In order to test the old and new factors that determine the forest area, this research analysed the relationship between forest area, economic progress, globalisation KOF, and knowledge. This article offers empirical evidence in various groups of countries classified according to their income and tests the relationship between the variables in the period 1990–2018. For this, non-linear econometric techniques such as threshold regressions proposed by Hansen [63] and the quantile regression estimator of Chernozhukov et al. [25] were used to capture the heterogeneous effect of the explanatory variables on the vegetation cover. Contrary to expected results, there is insufficient evidence that economic progress affects forest areas in the countries analysed.

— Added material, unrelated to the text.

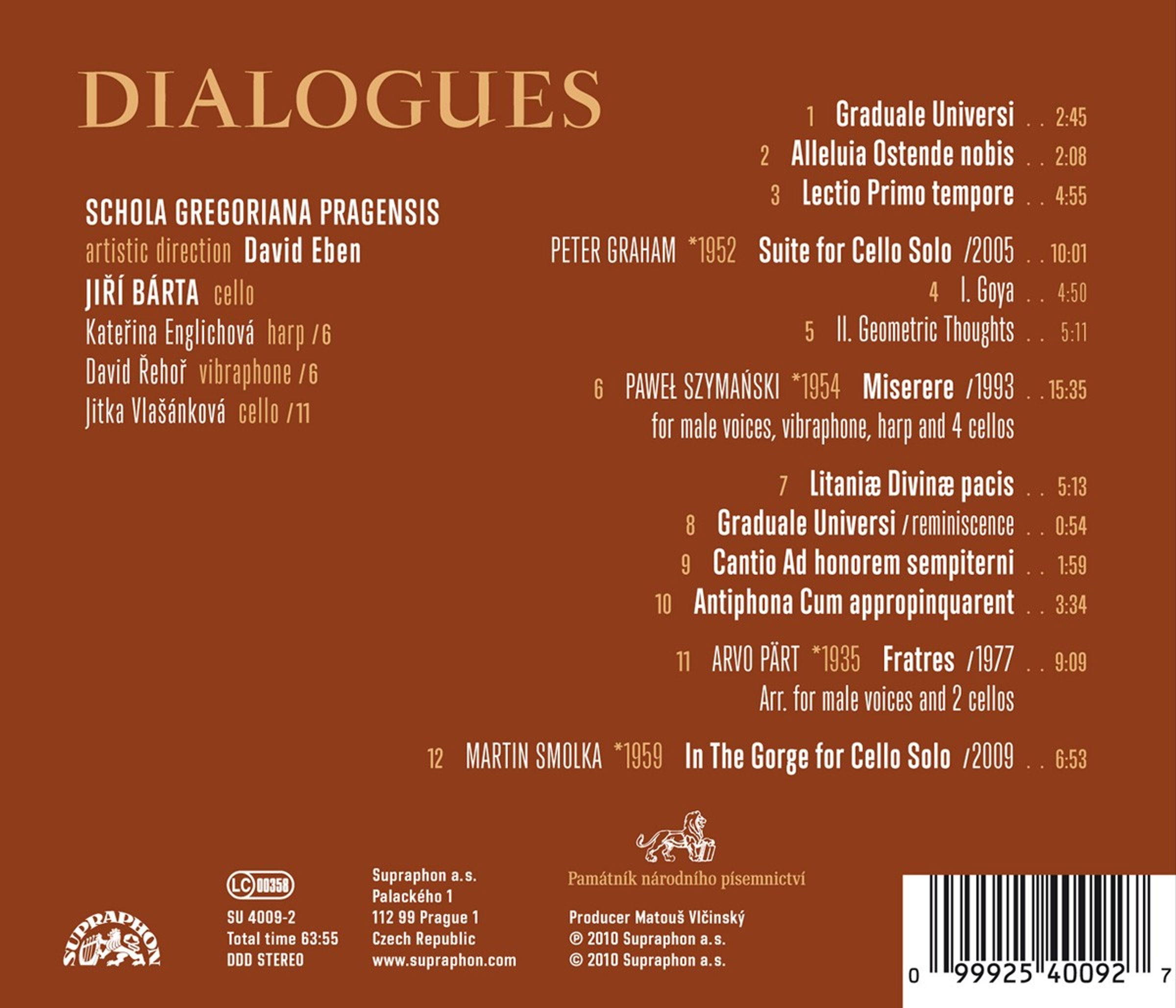 The renowned ensemble Schola Gregoriana Pragensis and the leading Czech cellist Jiri Barta have been pursuing dialogues on concert stages for a number of years. They share abundant experience of music both early and contemporary, improvisation and seeking. The fruit of their encounters is a recording that is a multilayered dialogue between the sonorous sound of the cello and the male voice, a dialogue between the chorale and medieval polyphony and the creation of the past few decades, music written and improvised. The idea of "mirroring the past in the present" is the overarching theme connecting pieces by contemporary composers. Peter Graham's Suite for Cello Solo reveals his having been inspired by Bach solo suites. The contemporary musical phraseology and the Gregorian tradition are originally interconnected in the meditative composition Miserere by the Polish creator Paweł Szymański, while the structure of Arvo Pärt's famous piece Fratres is a sort of reminiscence of medieval polyphony. The music, in places verging on silence, affords the listener scope for inner soothing and perception of fine nuances that often remain concealed to us in the turbulent world around.

Therefore, the econometric results on the existence of an EKC for deforestation have not been conclusive and vary according to the development level of each country. For this reason, future research could include an analysis of EP squared to know if there is any influence concerning the vegetation cover. One of the limitations of this research is that the data does not have an adequate update that allows incorporating the effect of recent aspects that have influenced environmental quality, such as COVID-19. Nevertheless, improved data availability will allow proposing better pro-environmental policies that mitigate climate change. Likewise, future lines of research should differentiate the quality of forest cover and the ecosystem services that they can offer to society. Legislation to protect natural protected areas can play a central role in nature conservation.
The results differ from previous works [8,23,24], where high-income countries have lower deforestation rates because when economic progress increases, pollution decreases every time. Likewise, middle-income countries tend to have the highest deforestation.
Countries must reduce their dependence on forest areas for economic progress since all productive activity generates environmental deterioration. The regulation can be applied in integration agreements through greater research and development of products aimed at recycling and circular economy. The inclusion of the GINI coefficient, the knowledge, and globalisation made it possible to capture the countries’ economic patterns and social inequalities as determinants of the variation in forest areas. We find that the variables: Inequality, knowledge, and the globalisation KOF present a significant threshold effect. The results obtained from the non-linear regressions imply that the impact of the regressors below the threshold differs from the effects of the threshold. This result shows that countries with greater inequality have a greater dependence on the use of forest areas. Knowledge (if well invested) could reduce the burden on deforestation. The relationship between the knowledge and forest area is expected to be negative, fulfilled by the GLS regression. However, the quantile analysis is not negative for all quintiles and depends on the group of countries. Knowledge should offer sufficient evidence on the importance of forests for air, soil, and water quality, promoting forest conservation as hypothesised. Finally, globalisation has an essential role in deforestation in most countries, following Yameogo’s [35] study. These results provide evidence in favour of the fact that knowledge should be a policy instrument to promote forest use control measures. Furthermore, given globalisation, policies should focus on preventing negative effects. Knowledge and globalisation KOF index could become sources of innovation that reduce input costs for new products that are more efficient.

Author Contributions

E.T.: Editing, supervision, literature review, and discussion of the results; W.S.O.-M.: Introduction, literature review, and policy implications; R.A.: Estimates, supervision, and results; L.C.: Data and statistical sources and data curation; M.M.: Initial analysis; A.R.: Estimates and methodology; All authors have read and agreed to the published version of the manuscript.

Funding

This research received no external funding.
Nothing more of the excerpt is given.